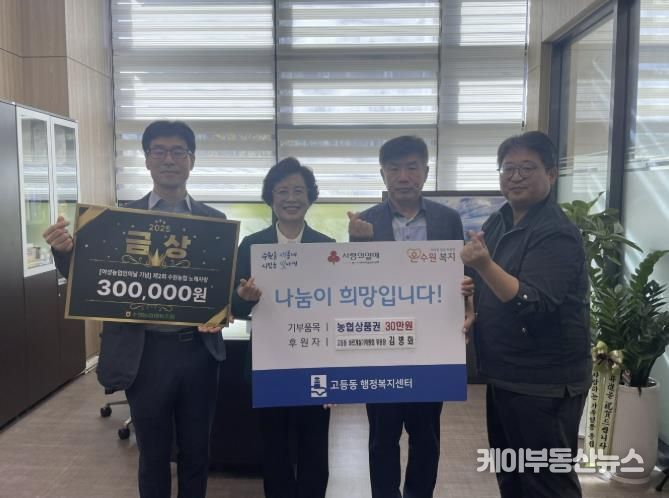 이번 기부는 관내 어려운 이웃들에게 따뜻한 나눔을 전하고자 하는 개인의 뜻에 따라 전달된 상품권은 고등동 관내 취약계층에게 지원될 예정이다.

==

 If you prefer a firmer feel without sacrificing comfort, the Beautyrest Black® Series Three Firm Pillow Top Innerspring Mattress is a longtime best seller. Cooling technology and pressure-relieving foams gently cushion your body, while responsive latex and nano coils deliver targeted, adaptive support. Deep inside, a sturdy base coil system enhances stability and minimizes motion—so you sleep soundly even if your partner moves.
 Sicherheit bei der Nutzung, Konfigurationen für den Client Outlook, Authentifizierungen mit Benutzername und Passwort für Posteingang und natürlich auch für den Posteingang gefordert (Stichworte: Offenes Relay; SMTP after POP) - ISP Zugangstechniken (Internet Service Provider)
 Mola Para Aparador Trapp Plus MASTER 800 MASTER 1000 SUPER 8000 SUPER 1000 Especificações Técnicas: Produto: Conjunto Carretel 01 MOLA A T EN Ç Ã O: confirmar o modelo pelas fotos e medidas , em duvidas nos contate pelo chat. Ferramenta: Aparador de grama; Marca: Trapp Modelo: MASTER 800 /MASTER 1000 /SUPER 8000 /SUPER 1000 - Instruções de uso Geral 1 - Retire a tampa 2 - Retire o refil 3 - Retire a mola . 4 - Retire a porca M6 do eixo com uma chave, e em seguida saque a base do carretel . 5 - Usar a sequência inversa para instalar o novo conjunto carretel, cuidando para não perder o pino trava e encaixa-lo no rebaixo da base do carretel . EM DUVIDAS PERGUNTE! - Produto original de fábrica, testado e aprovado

==

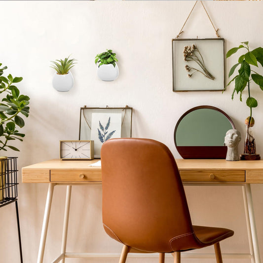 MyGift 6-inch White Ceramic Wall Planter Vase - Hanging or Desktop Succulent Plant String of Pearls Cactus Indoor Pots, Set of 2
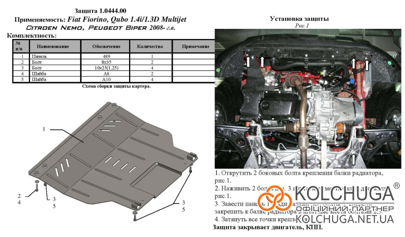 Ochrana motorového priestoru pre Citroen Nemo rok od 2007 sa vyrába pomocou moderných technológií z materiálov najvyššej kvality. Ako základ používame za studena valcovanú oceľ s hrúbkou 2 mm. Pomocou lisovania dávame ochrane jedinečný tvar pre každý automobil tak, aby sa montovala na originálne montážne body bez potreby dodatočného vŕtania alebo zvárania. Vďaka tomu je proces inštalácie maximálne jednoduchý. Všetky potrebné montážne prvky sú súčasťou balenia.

• **Instructions for the task**
Only the lines between the one with "MyGift 6-inch White" and the one with "Ochrana motorového priestoru", those two included, get copied from the material above. Keep it exact and free of pictures.

• **Solution to the exercise**
 MyGift 6-inch White Ceramic Wall Planter Vase - Hanging or Desktop Succulent Plant String of Pearls Cactus Indoor Pots, Set of 2
 Ochrana motorového priestoru pre Citroen Nemo rok od 2007 sa vyrába pomocou moderných technológií z materiálov najvyššej kvality. Ako základ používame za studena valcovanú oceľ s hrúbkou 2 mm. Pomocou lisovania dávame ochrane jedinečný tvar pre každý automobil tak, aby sa montovala na originálne montážne body bez potreby dodatočného vŕtania alebo zvárania. Vďaka tomu je proces inštalácie maximálne jednoduchý. Všetky potrebné montážne prvky sú súčasťou balenia.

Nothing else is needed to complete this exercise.